4 thoughts on “WHY AVOID THE WOMAN CAUGHT IN ADULTERY STORY? (John 7:53-8:11)

  1. I took your advice and obtained a NIV Bible and found that a lot of verses I memorized as a youth in Sunday school were missing!I thought I got a badly misprinted copy so I bought a NASB Bible instead and found the same verses missing

    All the missing verses were the words of Christ such as Matt. 18:11, Mark 11:26 etc.

    I have not been in church in decades and wanted a new Bible to replace my 40 year old version.

    So, according to you, the word of God is fluid then and changes from year to year like the the 1978/1984 NIV version used the gender-specific terms and the 2011 revision does not ?

  2. No, the Bible refers to “God’s everlasting word that can’t be destroyed”, so we can be certain that God has accurately preserved his word (1 Peter 1:23-25 GWT). Why the “changes” then? Actually, the omitted words were never in the original writings of the Bible in the first place, but were added many years later as copies were made. This was in violation of God’s principles, not to add to, nor take away from, his Word (Deuteronomy 4:2; Proverbs 30:5,6; Revelation 22:18,19). The discoveries of much older, and more accurate, Bible manuscripts has brought about these restorations to what is now considered to be the accurate representation of the original Bible text. Praise God for it!

    1. I beg to differ from your answer. I’m sorry but I sense an assumption In your statement that the Oldest Manuscripts available ‘Now’ is the ultimate proof for accuracy. How do you defend that the manuscripts or sources used by the Tyndales, Geneva Bible etc never had those missing verses ? May be they used manuscripts much older than the Oldest ones available now.

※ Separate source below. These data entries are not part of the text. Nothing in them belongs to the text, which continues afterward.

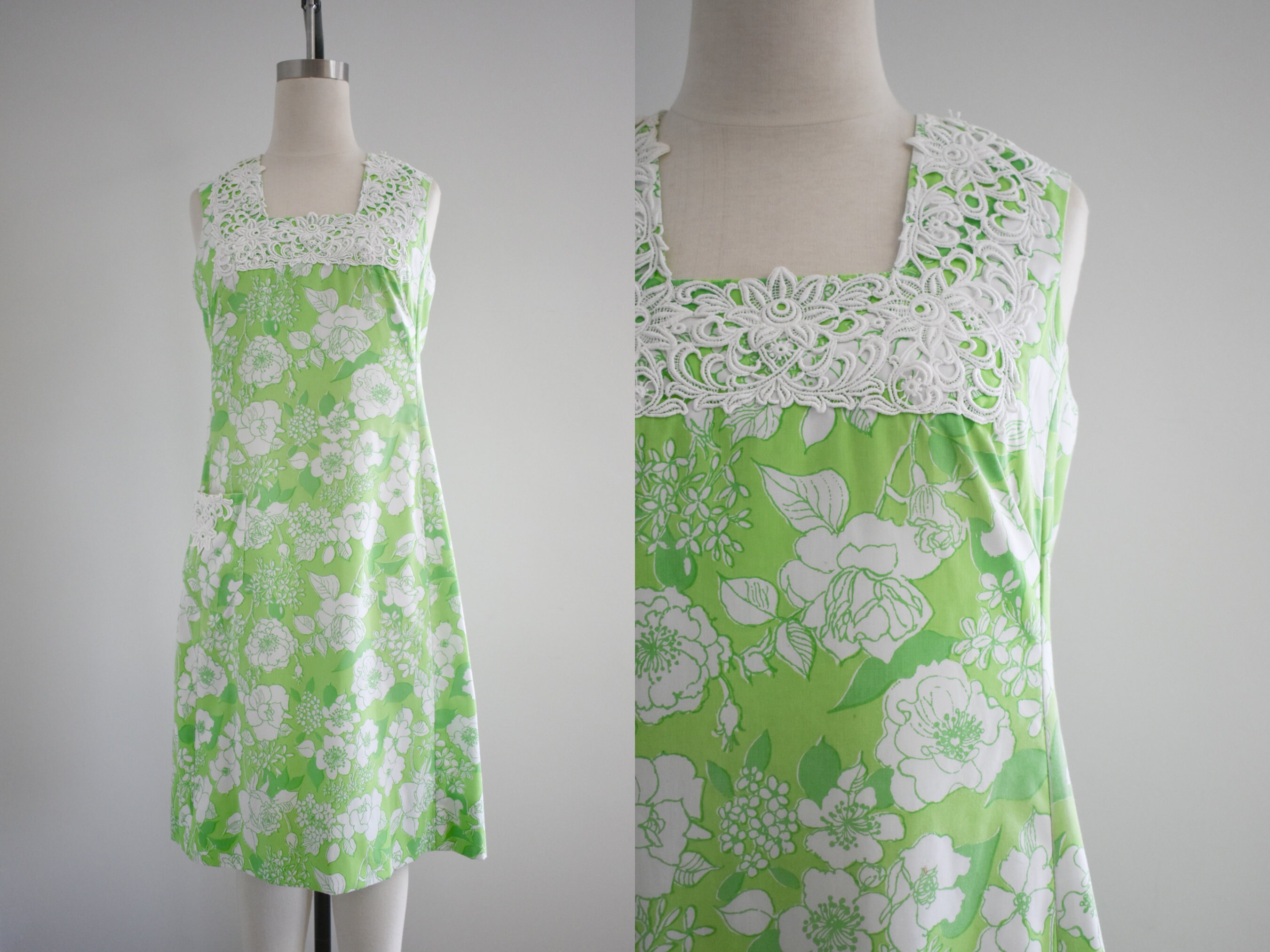 1960s Lilly Pulitzer Green Floral Print Shift Dress Etsy Uk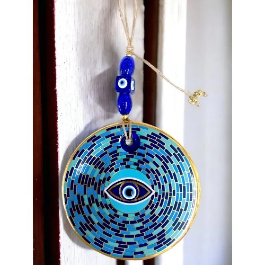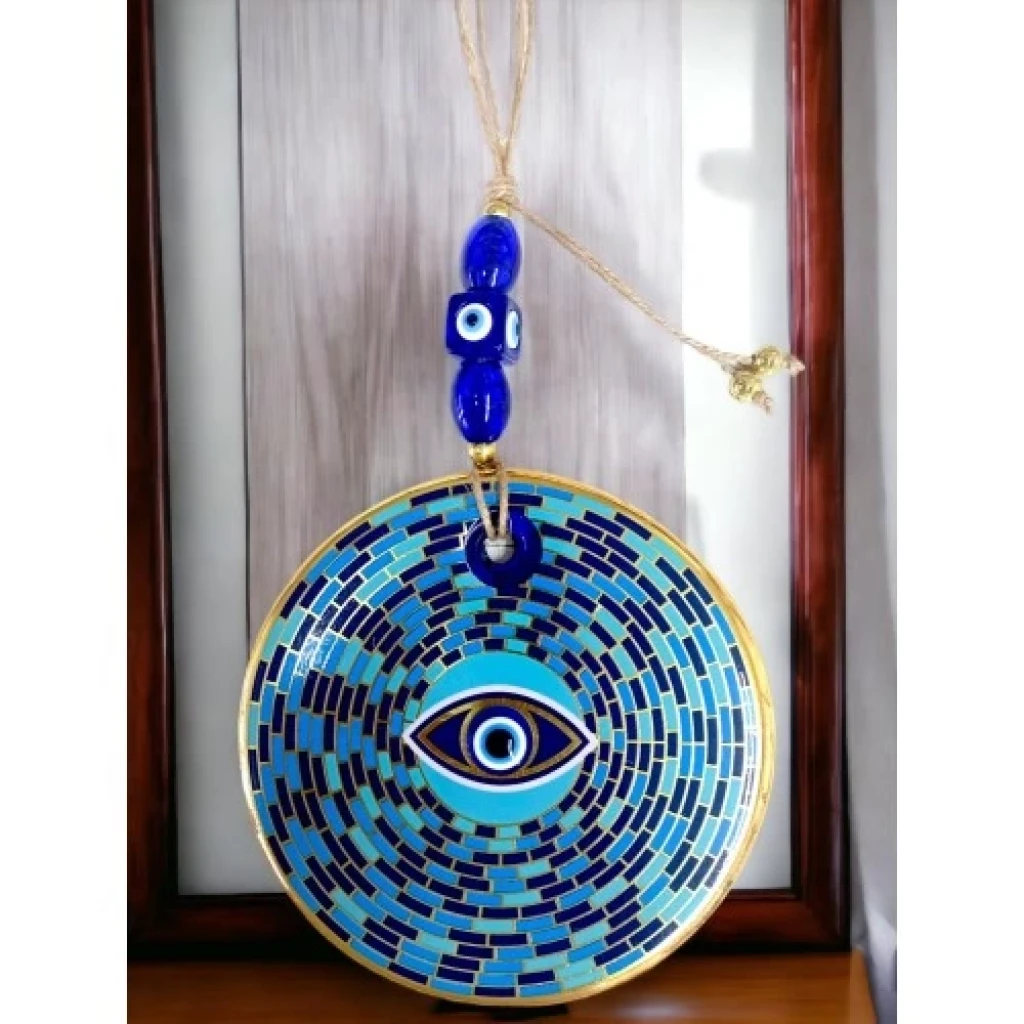 Nazar boncuklu göz duvar süsümüz nazar boncuğu ile süslenmiştir. Ürünümüz mavi cam nazar boncuğundan tamamen el işçiliği ile üretilmiştir. Ürünümüzün yuvarlak kısmı 13 santimetre çapındadır. Duvar süsümüz ip dahil yaklaşık 30 santimetre boyundadır.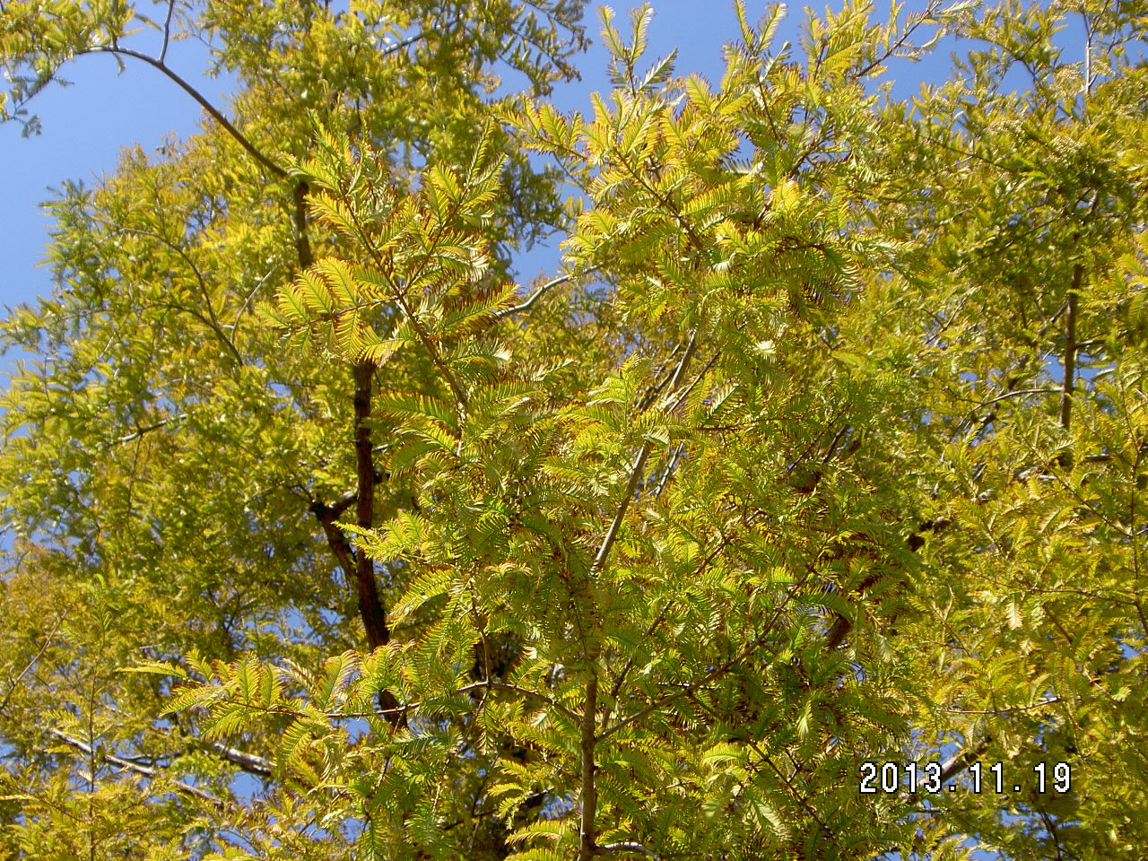 助任緑地では、落葉高木樹で円錐形の樹形をしたメタセコイアが、赤褐色に紅葉しております。メタセコイアは、ラクウショウの樹木と姿形ともよく似ていますが、枝や小さな葉っぱのつきかたをよく見ると、メタセコイアは対生(左右が対で出てくる)、ラクウショウは互生(互い違いに出てくる)という点が異なります。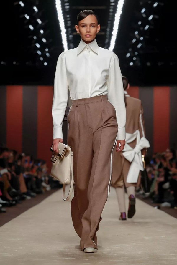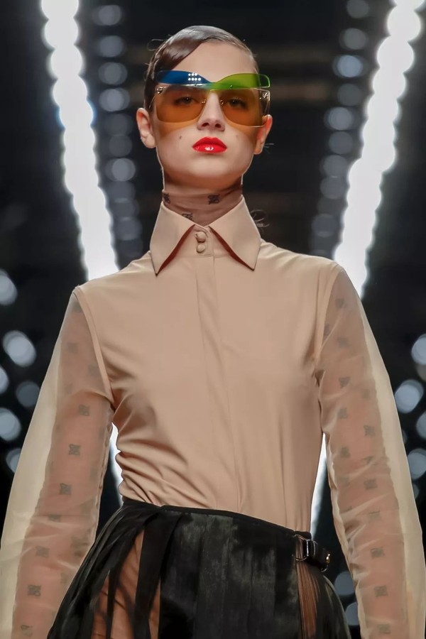 在Fendi秀场上回归的还有爱德华高领,Lagerfeld本人也热衷于爱德华高领,加上墨镜领带和黑色西装,这就是他带给我们的标志性形象记忆。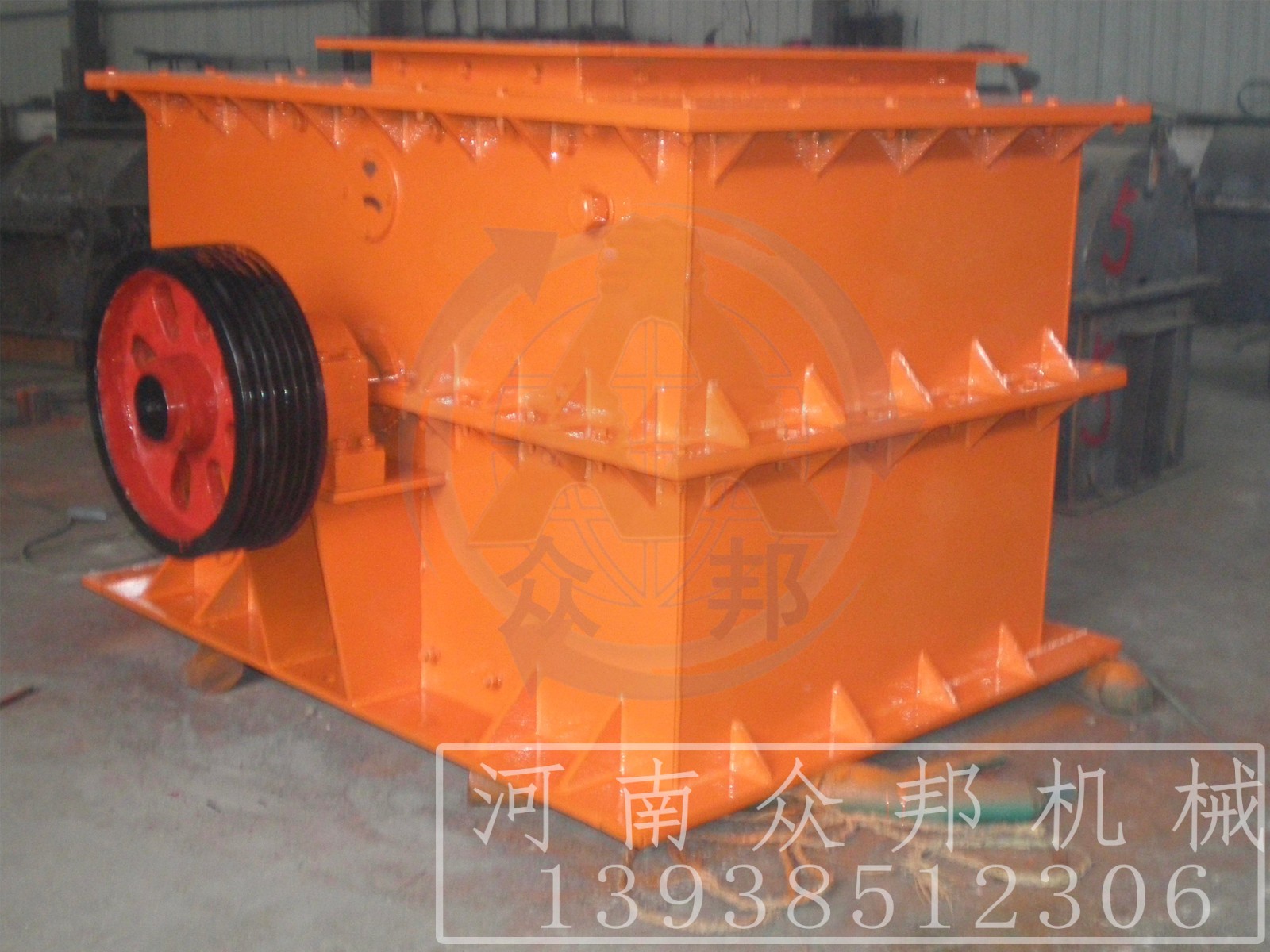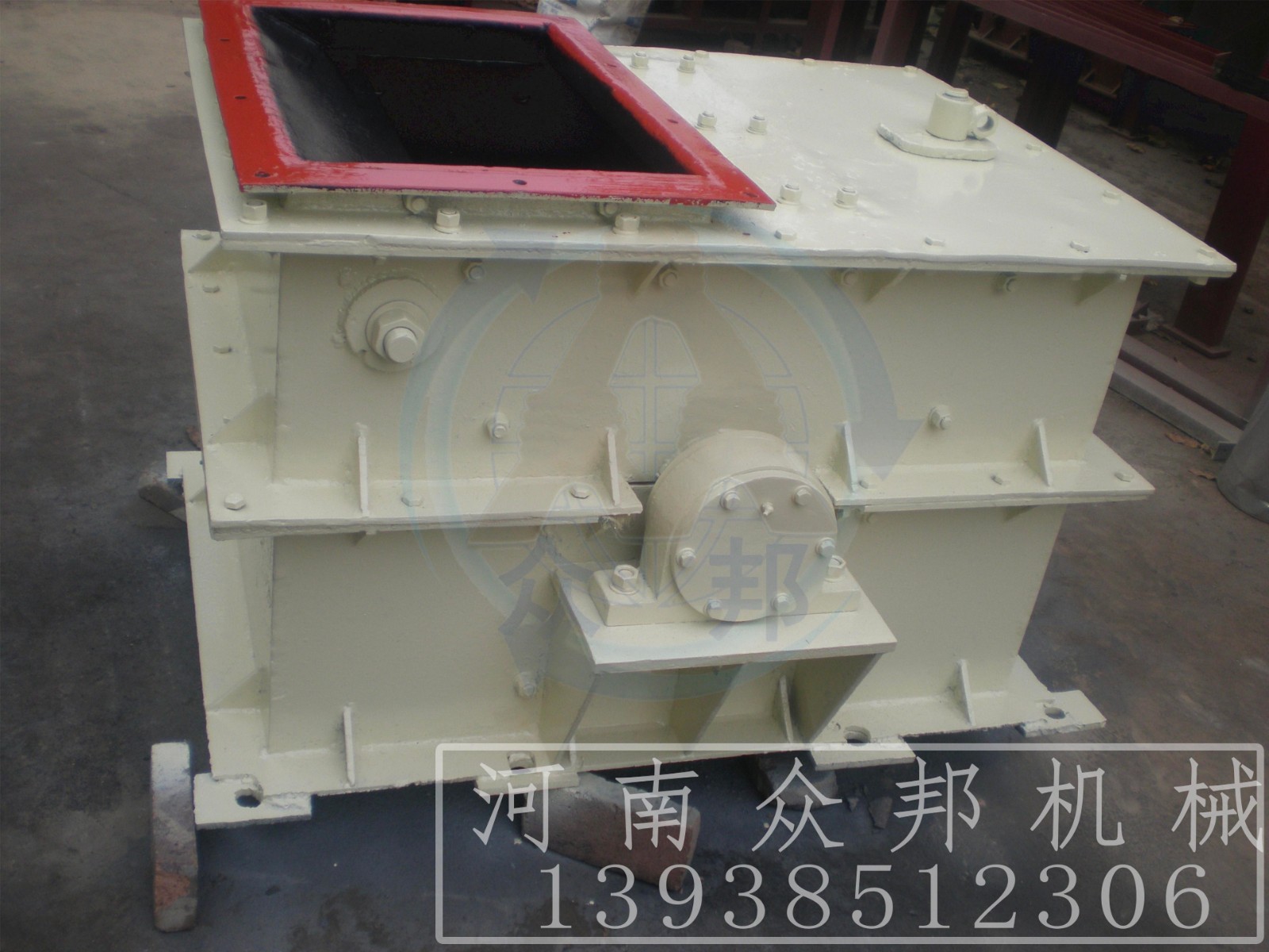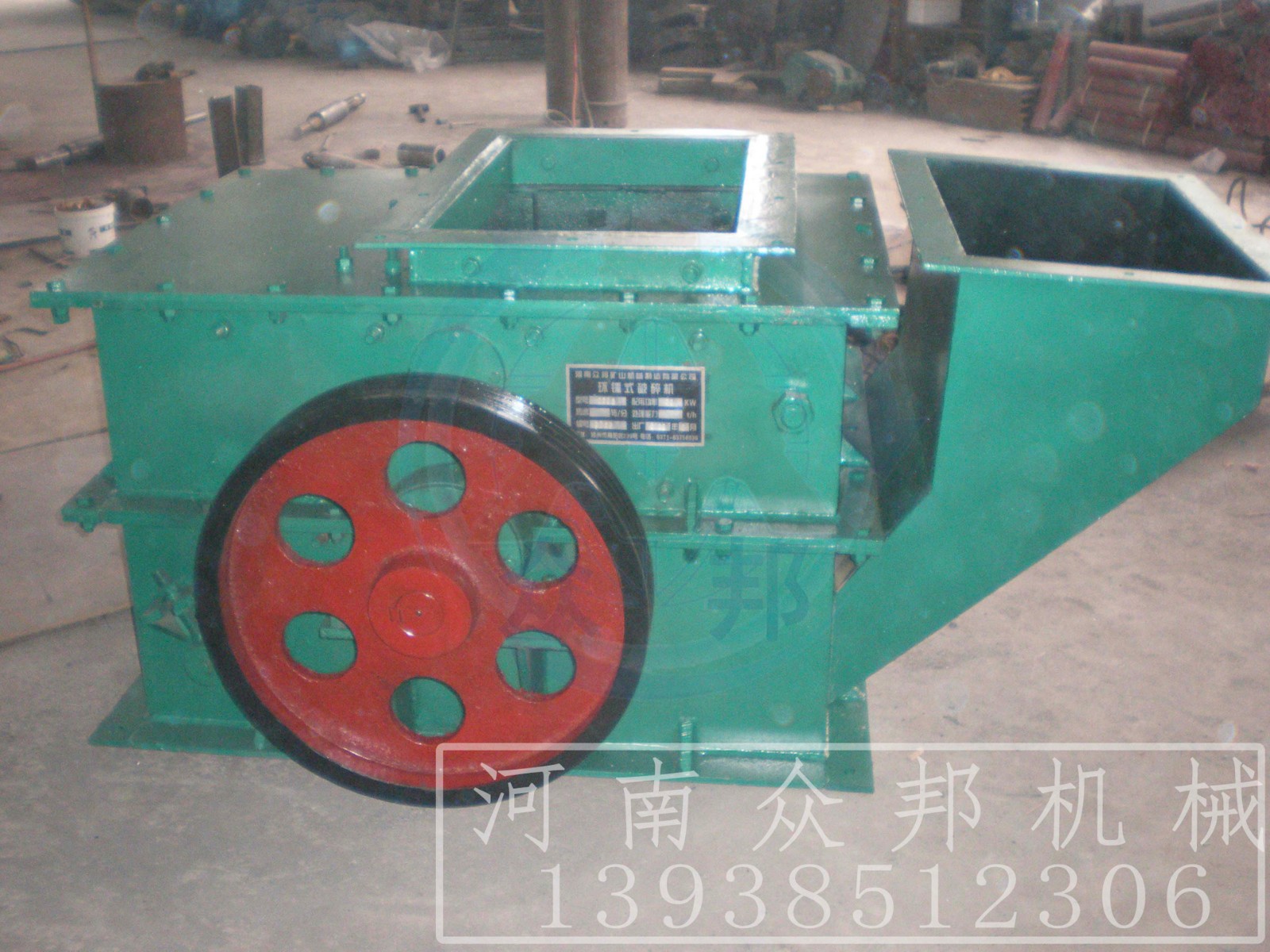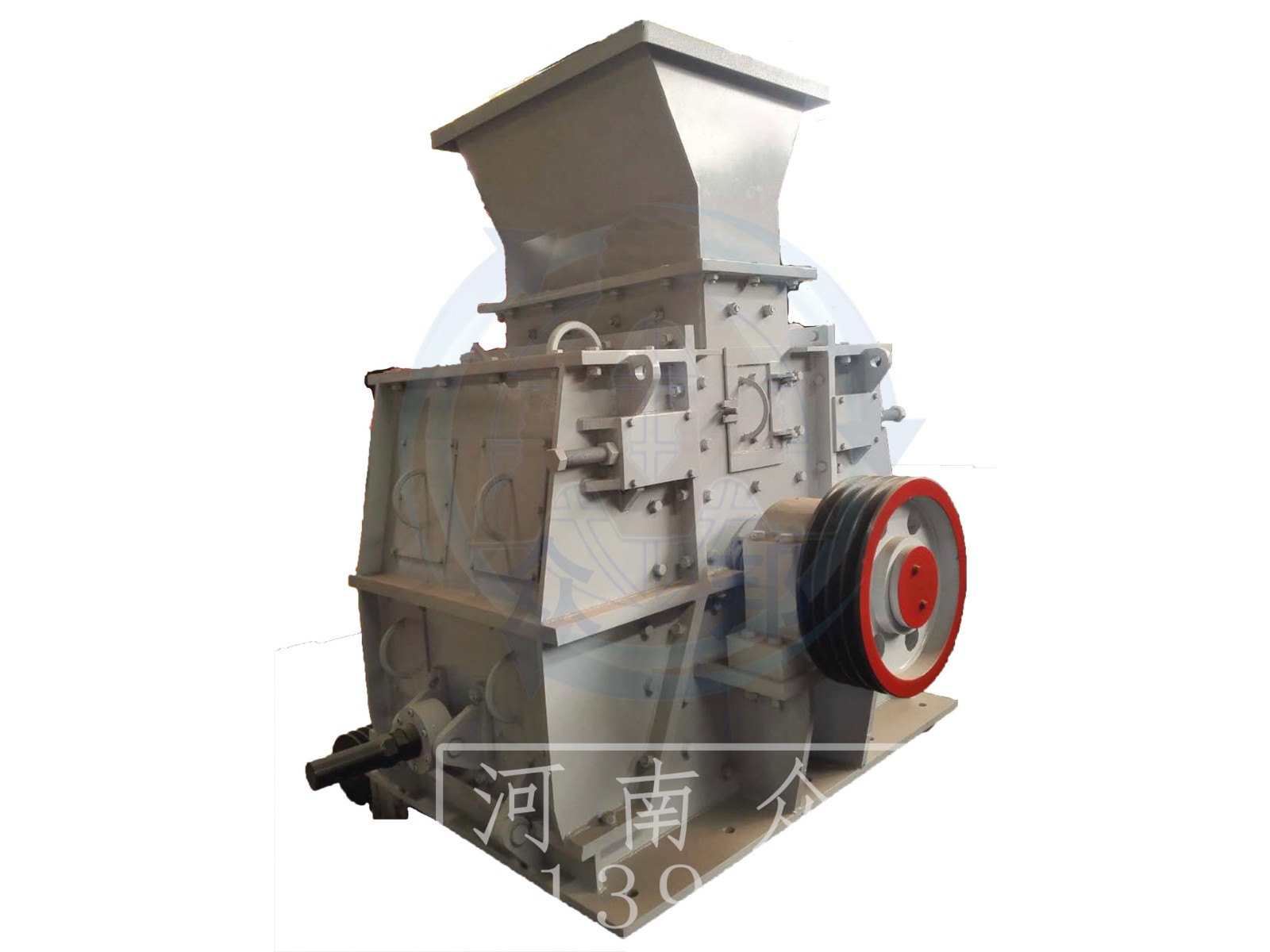 環(huán)錘式破碎機(jī)的工作部件為帶有錘子(又稱錘頭)的轉(zhuǎn)子。轉(zhuǎn)子由主軸、圓盤、銷軸和錘子組成。電動機(jī)帶動轉(zhuǎn)子在破碎腔內(nèi)高速旋轉(zhuǎn)。物料自上部給料口給入機(jī)內(nèi),受高速運(yùn)動的錘子的打擊、沖擊、剪切、研磨作用而粉碎。在轉(zhuǎn)子下部,設(shè)有篩板、粉碎物料中小于篩孔尺寸的粒級 通過篩板排出,大于篩孔尺寸的粗粒級 阻留在篩板上繼續(xù)受到錘子的打擊和研磨,通過篩板排出。

Byzantine text in my opinion is more accurate than the Alexandrian as they are geographically closer to where the Gospel authors are originally from.

      1. The verses John 7:53-8:11 do not appear in any Greek manuscript until the 5th century. The so-called “Textus Receiptus” Greek text (TR), composed by Desiderus Erasmus in 1516, includes these spurious verses, because Erasmus did not have access to any Greek manuscripts prior to the 10th century. The Tyndale Bible and the Geneva Bible were both based on the TR, and they include those verses. These 12 verses show up after John 7:53 in some manuscripts, after John 7:44 in others, and the end of John in others, and after Luke 21:38 in one manuscript. This, in and of itself, is A Priori evidence against it. The vocabulary and syntax of these 12 verses is very different from the rest of John. The account flows very well when the 12 verses are omitted, but is abruptly and unnaturally interrupted when they are included. The older Alexandrian texts are considered to be more accurate in general because they are closer in time to the originals.